In recent years, serum or plasma miRNA has strong potential as a novel noninvasive biomarker for early detection of cancer, metabolic syndrome, cardiovascular diseases, and other chronic disease [3, 6, 10, 16, 18]. Results from recent studies revealed that circulating miRNAs are also potential diagnostic biomarkers and prognostic factors in diabetes [2, 17, 37]. For example, Zampetaki and colleagues explore plasma miRNA profiles in patients with DM; they revealed lower plasma levels of miR-20b, miR-21, miR-24, miR-15a, miR-126, miR-191, miR-197, miR-223, miR-320, and miR-486 in prevalent DM, but a modest increase of miR-28-3p [37]. Kone et al. explored the clinical significance of seven diabetes-related serum miRNAs during the pathogenesis of T2D; they found all 7 miRNAs which including miR-9, miR-29a, miR-30d, miR-34a, miR-124a, miR-146a, and miR-375 were significantly upregulated in n-T2D compared with s-NGT, and miR-9, miR-29a, miR-34a, miR-146a, and miR-375 were significantly upregulated compared with pre-diabetes, while miRNA expression was not significantly different between s-NGT and pre-diabetes [17]. Balasubramanyam et al. [2] revealed the miR-146a expression levels were significantly decreased in PBMCs from patients with T2D compared with control subjects, and they found miR-146a expression was negatively correlated with subclinical inflammation and insulin resistance.

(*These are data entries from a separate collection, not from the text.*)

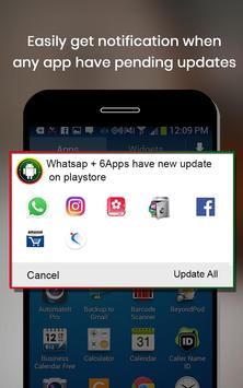 With Smart App Update Notification Alert you will get all the details of pending updates on your phone Notification.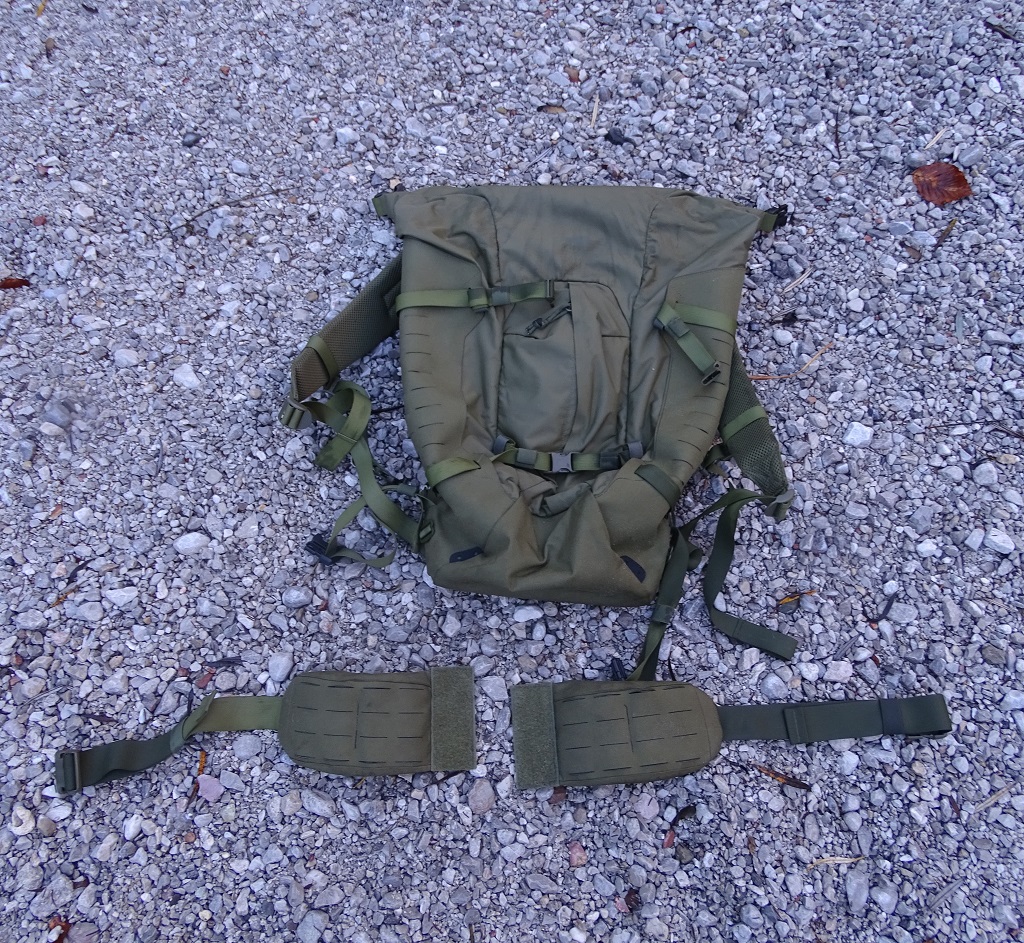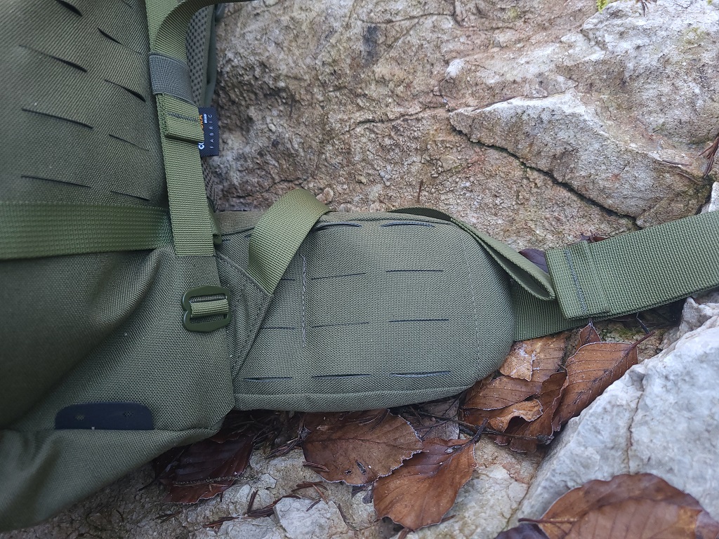 Die gepolsterten Hüftflossen sind mit drei Lasercut MOLLE Reihen versehen und verstellbar in der Weite.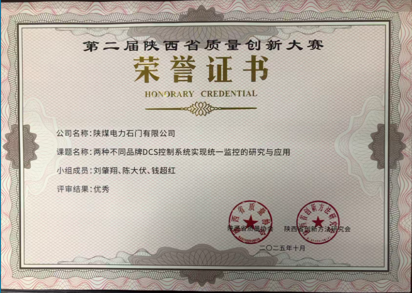 陜煤石電:《兩種不同品牌DCS控制系統(tǒng)實現(xiàn)統(tǒng)一監(jiān)控的研究與應(yīng)用》獲陜西省質(zhì)量創(chuàng)新大賽優(yōu)秀獎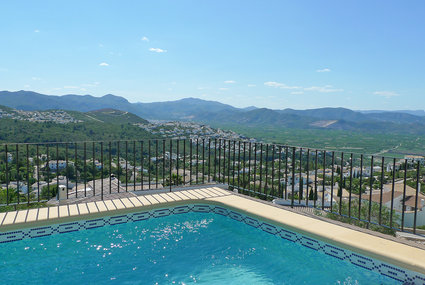 Large house "El Verger", 2 storeys. In the district of Monte Pego, in a quiet, elevated position on a slope, 8 km from the sea. Private: orchard, swimming pool angular (8 x 4 m, 01.01.-31.12.) with internal staircase. Outdoor shower, roofed, parking on the premises. Shop 6 km, supermarket 6 km, shopping centre 12 km, restaurant 1 km, bar 1 km, sandy beach 8 km. Golf course 12 km, tennis 1 km.Availability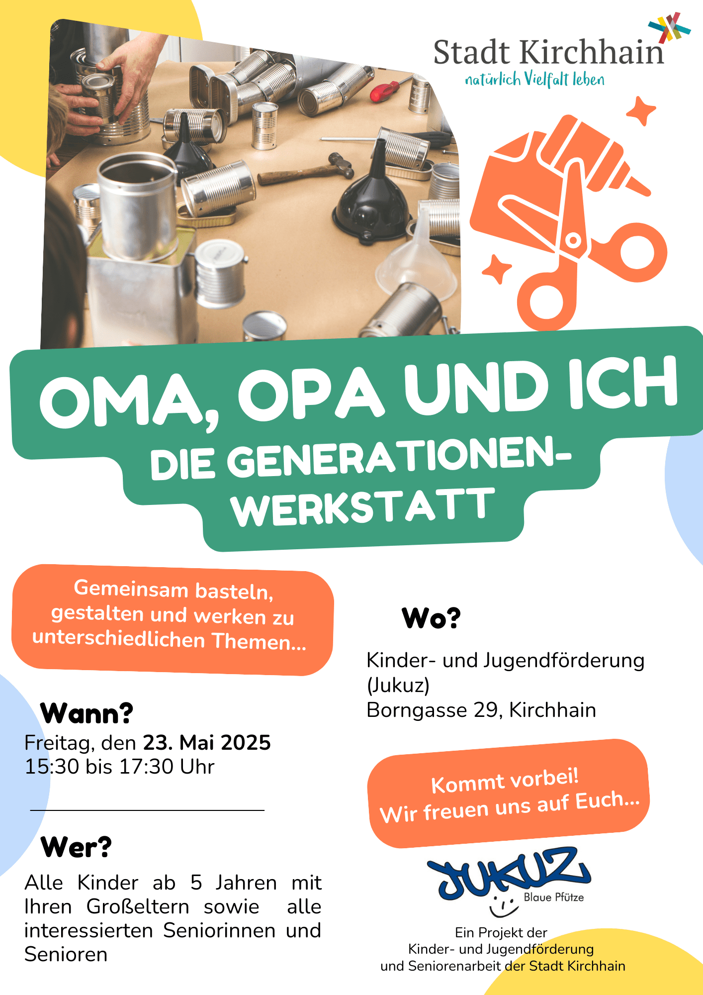 Wir die Kinder- und Jugendförderung der Stadt Kirchhain laden euch herzlichst zu unserer Aktion „Oma, Opa und Ich - Die Generationenwerkstatt“ ein.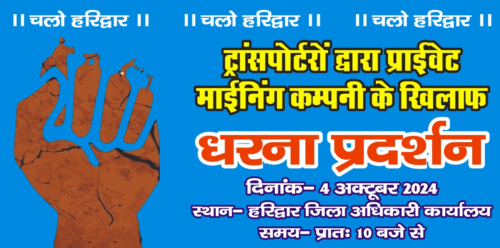 हरिद्वार (परिपाटी न्यूज) माइनिंग कंपनी रॉयल्टी कि दर ने खोलने एवं उनकी नीतियों का स्पष्ट न होने के कारण धरना प्रदर्शन । माइनिंग कंपनी अपने क्षेत्र में अपने सभी भंडारणों एवं खनिज पट्टों को रॉयल्टी मूल्य के साथ में सार्वजनिक करें जिससे खनन व्यापारी को सुविधा अनुसार खनन सामग्री उपलब्ध हो सके एवं खनन सामग्री का परिवहन कर सके। माइनिंग कंपनी के पोर्टल पर 70 टन तक रॉयल्टी काटने का प्रावधान है माइनिंग कंपनी के मानकों के अनुरूप खनन सामग्री का परिवहन करने पर शासन एवं प्रशासन अंडर लोड एवं ओवरलोड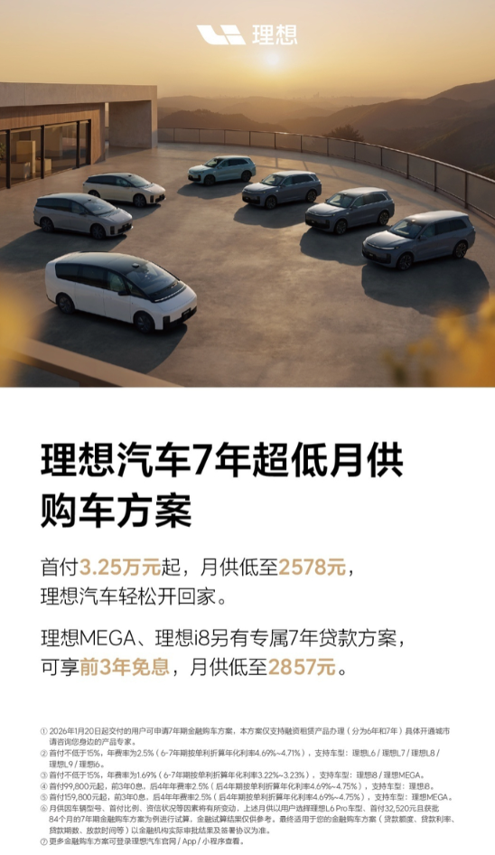 1月20日,理想汽车官宣全系车型均可享受7年超低月供购车方案,首付3.25万元起,月供2578元起,年费率2.5%。MEGA与i8,还有专属的7年贷款方案,前三年可享受免息优惠,月供低至2857元,年费率为1.69%,折算后年化利率约3.22%,比起特斯拉,理想这边利率要高一些。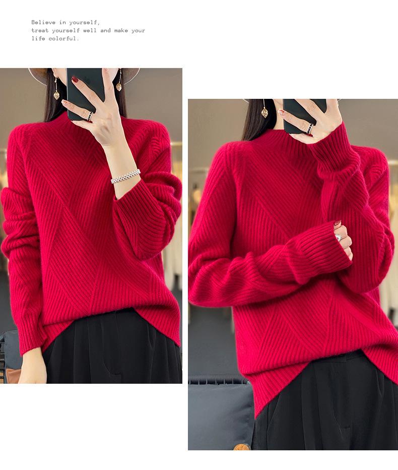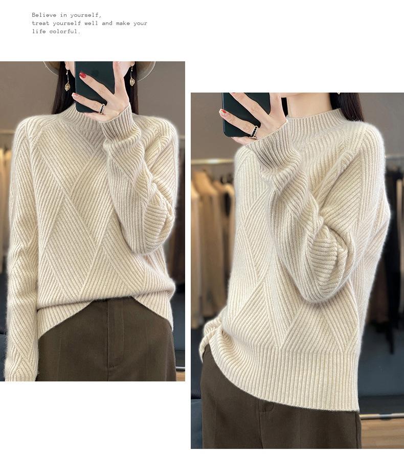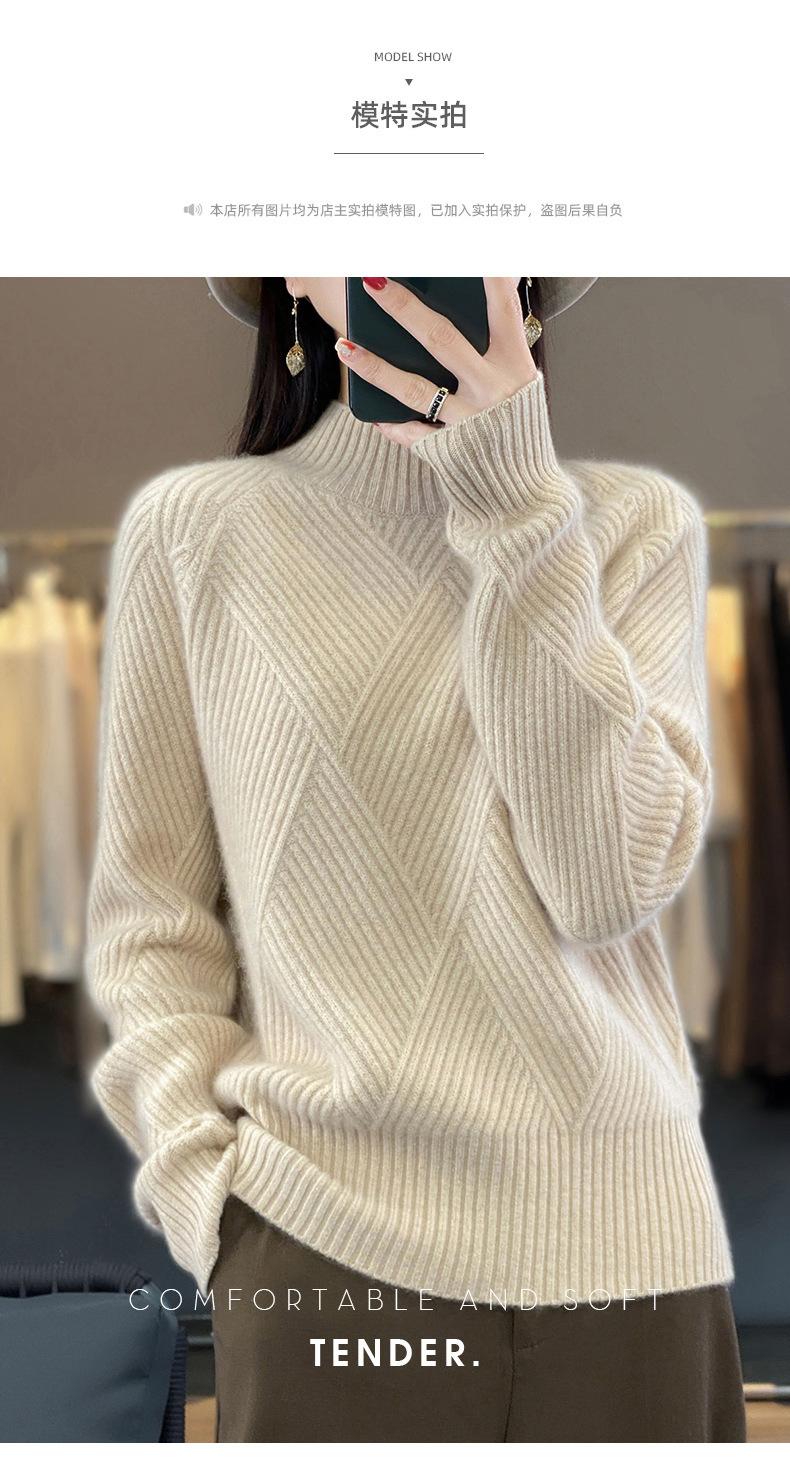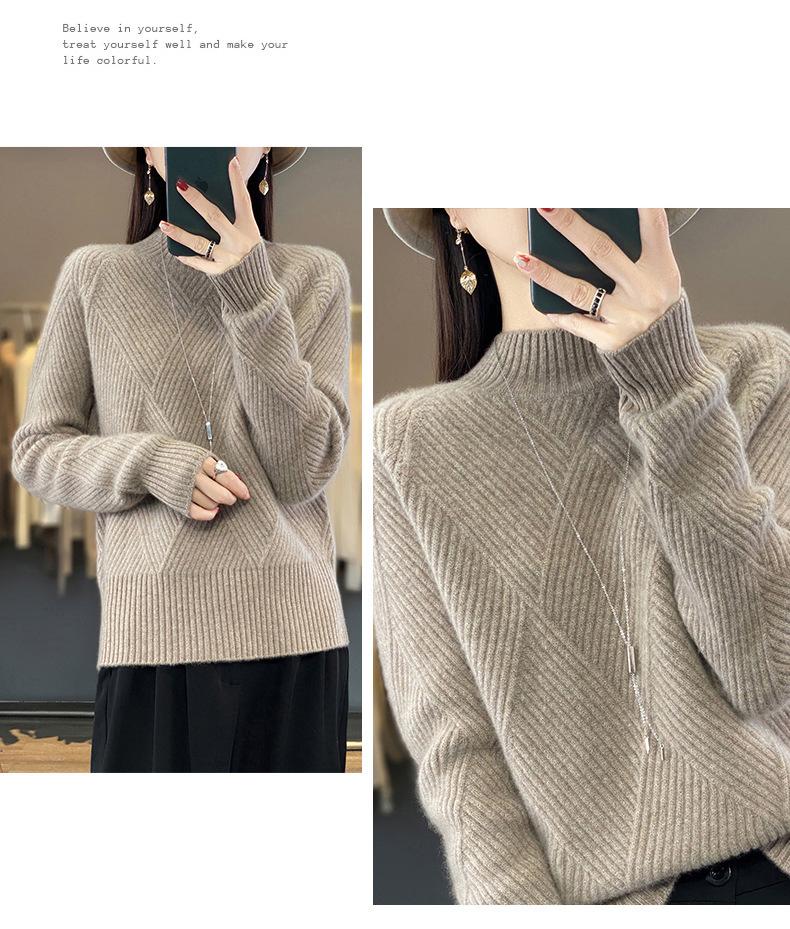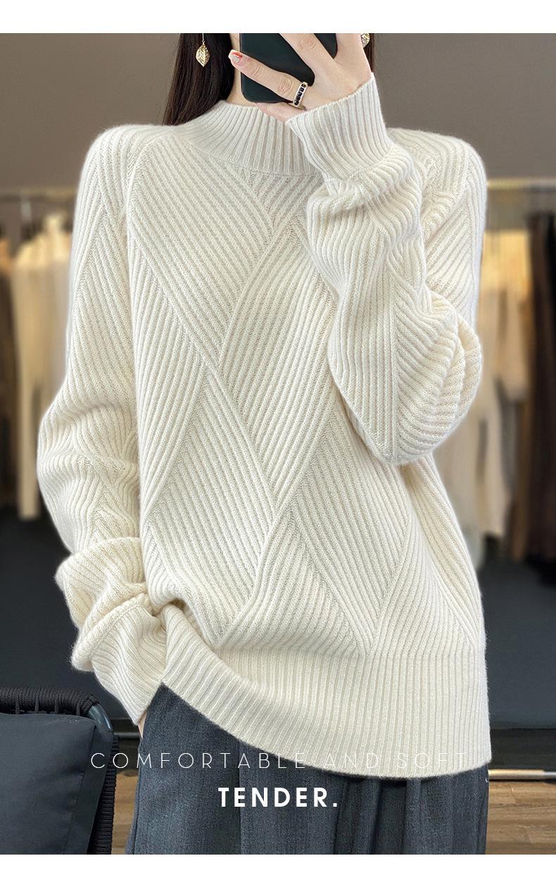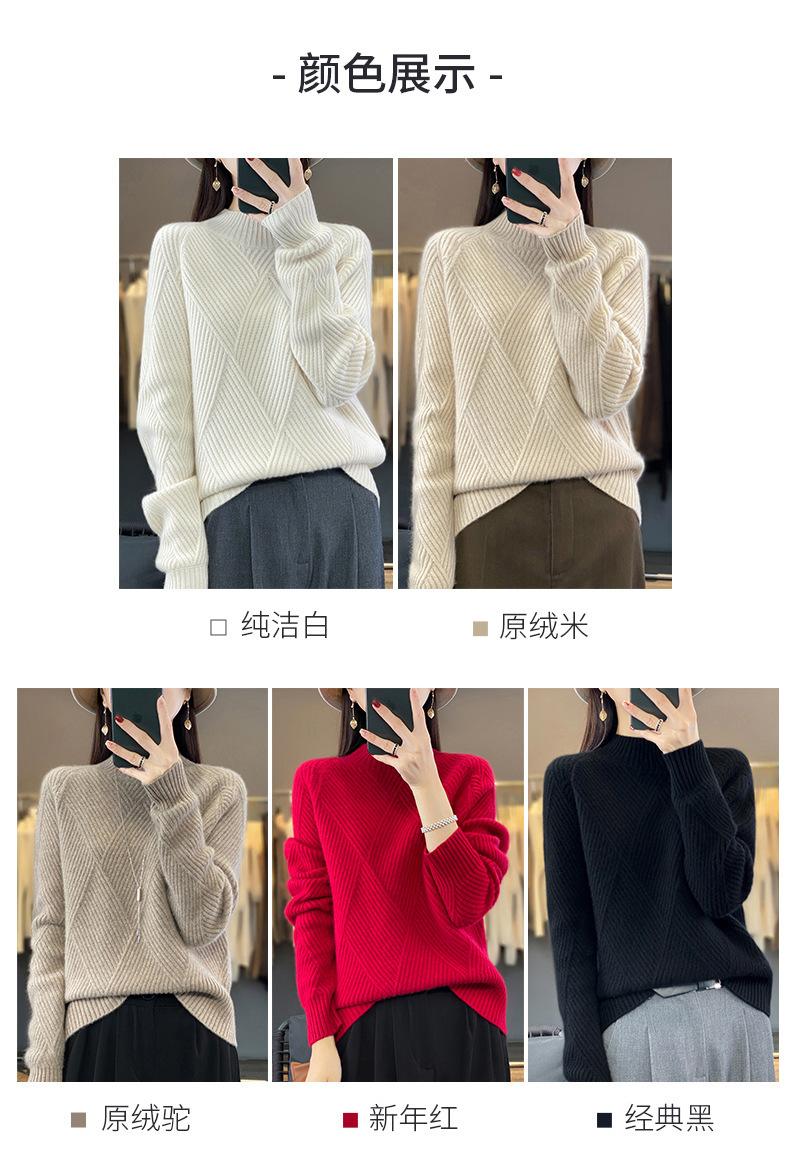 Tops de Otoño e Invierno, Suéteres de Lana, Suéteres de Cuello Alto Medio para Mujer, Camisas Base Holgadas de Estilo Coreano Elegantes, Tops Versátiles

By performing an Solexa sequencing scanning followed by individual qRT-PCR evaluations, we identified eight serum miRNAs, including miR-23a, let-7i, miR-486, miR-96, miR-186, miR-191, miR-192, and miR-146a, whose expression levels were significantly decreased in the serum of T2D patients compared with NGT normals controls. But as the results of T2D plasma miRNA profiles exploration by Zampetaki, except for miR-191 downregulated significantly, miR-186, miR-192, miR-96, and miR-146a expression were all no significantly different between T2D and s-NGT. Whether this results mean that the presence of fibrinogen or other substances in plasma will have some interference to the extraction and analysis of miRNA, further research maybe needs to confirmed it.

Several study related to T2D plasma or serum miRNA was all not related to miR-23a [2, 17, 37]. Karolina et al. [16] identified miR-23a as potential contributors of dyslipidemia in metabolic syndrome, but without further study of miR-23a between the T2D and pre-diabetes patients. Raychaudhuri et al. [26] revealed miR-23a targets SMAD4 indirectly that seem to be critical in regulating insulin-dependent glucose transport activity. In our study, we demonstrate that miR-23a was significantly lower in serum of T2D and pre-diabetes patients compared with NGT controls; serum miR-23a levels can also distinguish T2D from pre-diabetes.

In conclusion, miR-23a appears to be more potential novel biomarker for early diagnose of pre-diabetes and T2D in all the selected serum miRNAs. Serum miR-23 could be used as an objective complement to traditional diagnosis of pre-diabetes or T2D. In particular, it could be used to discriminate the undiagnosed cases of diabetes and pre-diabetes which easily be underestimated only by fasting glucose levels tests. The serum miRNA markers may improve the sensitivity and specificity of the assay for T2D and pre-diabetes screening. Maybe in the future preferable in large cases, prospective studies will be used to validate its clinical utility (individually or as part of a panel) as a novel noninvasive, economic screening tool for diabetes.